Monday, January 03, 2005

What's in the Communications Plan?

The frantic efforts of U.S. scientists to alert the Indian Ocean region in the minutes following the December 26 tsunami have been described by journalists all over the world. By focusing on these fruitless efforts, however, the journalists are missing a key issue:

U.S. officials might have been able to warn the mass populations of the region in time to save thousands of lives if they had alerted the major news media, such as the Associated Press and CNN, about the onrushing tsunami.

Here is the lead paragraph of a typical story on this subject; it was written by James Janega of the Chicago Tribune and published on December 28 by numerous newspapers that subscribe to the Tribune's news service:

"Chicago -- With a killer tsunami bearing down on Sri Lanka and India at airliner speeds, an effort to save thousands of lives came down to a handful of overworked employees in Hawaii trying to telephone government officials they did not know and did not know how to reach."

As noted in earlier posts and confirmed by a NOAA timeline, the tsunami had yet to reach Sri Lanka and India when scientists first suspected a tsunami had been generated. Rather than contact the mass media, however, scientists worked the phones unsuccessfully as they tried to reach colleagues and counterparts in the region.

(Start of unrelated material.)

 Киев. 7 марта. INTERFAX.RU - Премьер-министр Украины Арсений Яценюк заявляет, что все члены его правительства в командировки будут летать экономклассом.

One of Janega's sources said: "We didn't have a contact in place where you could just pick up the phone.... We were starting from scratch."

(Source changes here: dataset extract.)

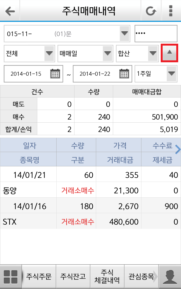 검색 설정한 기간동의 매수/매도 건수, 수량, 금액합에 대해 확인할 수 있습니다.

This quote quite reasonably suggests questions about the crisis communications planning of the Pacific Tsunami Warning Center (PTWC) and the U.S. Geological Survey. Picking up the phone to call the news media is standard operating procedure for corporations that must communicate timely information to the public; utility companies do it routinely.

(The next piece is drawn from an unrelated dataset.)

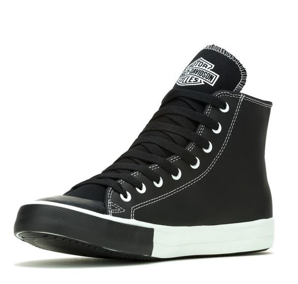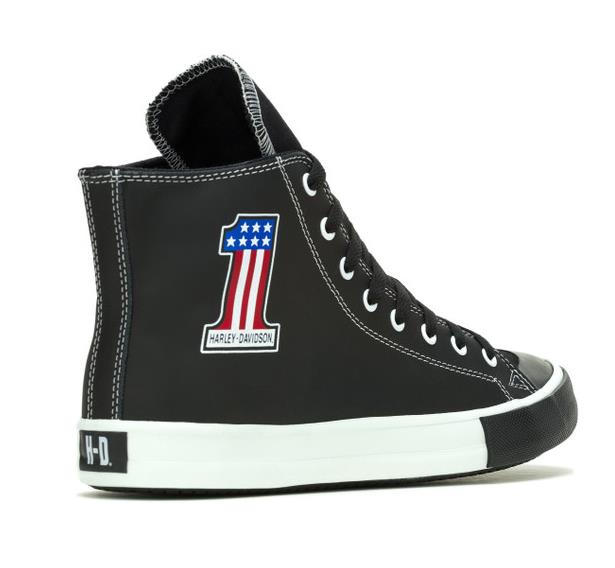 Showing your national pride is easy with these signature #1 Harley-Davidson® logo sneakers. Made with durable leather uppers and rubber outsoles, these puppies are street ready with all the cred built-in you need to go anywhere. They will go the distance, on-or-off the court or course - no matter the activity the H-D® edge will be with you. These sneakers are traditional in styling, but cutting edge in performance. With a full-length mesh lining, your feet are comfortable with each step or jump. The #1 logo appears on the outside face of the shaft. A large Bar & Shield® white logo appears on the tongue. The sneaker’s sole, insole and upper are bound using vulcanized processes, a proven technology that binds the upper, midsole, and sole components making for a sturdy and durable sneaker. These sneakers will last for years. Uptown, downtown, at work or play, they will boost your street-cred and carry you in-style and comfort. Shaft height: 4.25", Heel height: 1". Sizes US: M 7-12, 13. Manufacturer Part Number, Black-D93904. Wolverine® and Harley-Davidson® have a long tradition of bringing original and functional footwear to our motorcycle enthusiasts. Loyal. Tough. Fearless. Our Footwear embodies the spirit of the open road, as well as the men and women who proudly wear the name. With a growing global presence, Harley-Davidson® Footwear markets functional riding and fashion footwear to anyone who seeks quality and values the Harley-Davidson® brand. Whether it's performance or fashion, we have what you need. Officially Licensed Harley-Davidson® Product by Wolverine®. These sneakers are not recommended for wear while riding a motorcycle.

A New York Times story by reporters Michele Kayal and Matthew L. Wald that was reprinted in the International Herald Tribune on December 29 quoted a PTWC official: "We wanted to try to do something, but without a plan in place then, it was not an effective way to issue a warning, or to have it acted upon."

Does the PTWC's communications plan provide for making calls to the news media when scientists determine there is a significant threat to human life -- inside the Pacific Basin or out? It's a question that must be asked as inquiries are conducted into how U.S. agencies initially responded to the worst natural diaster of this generation.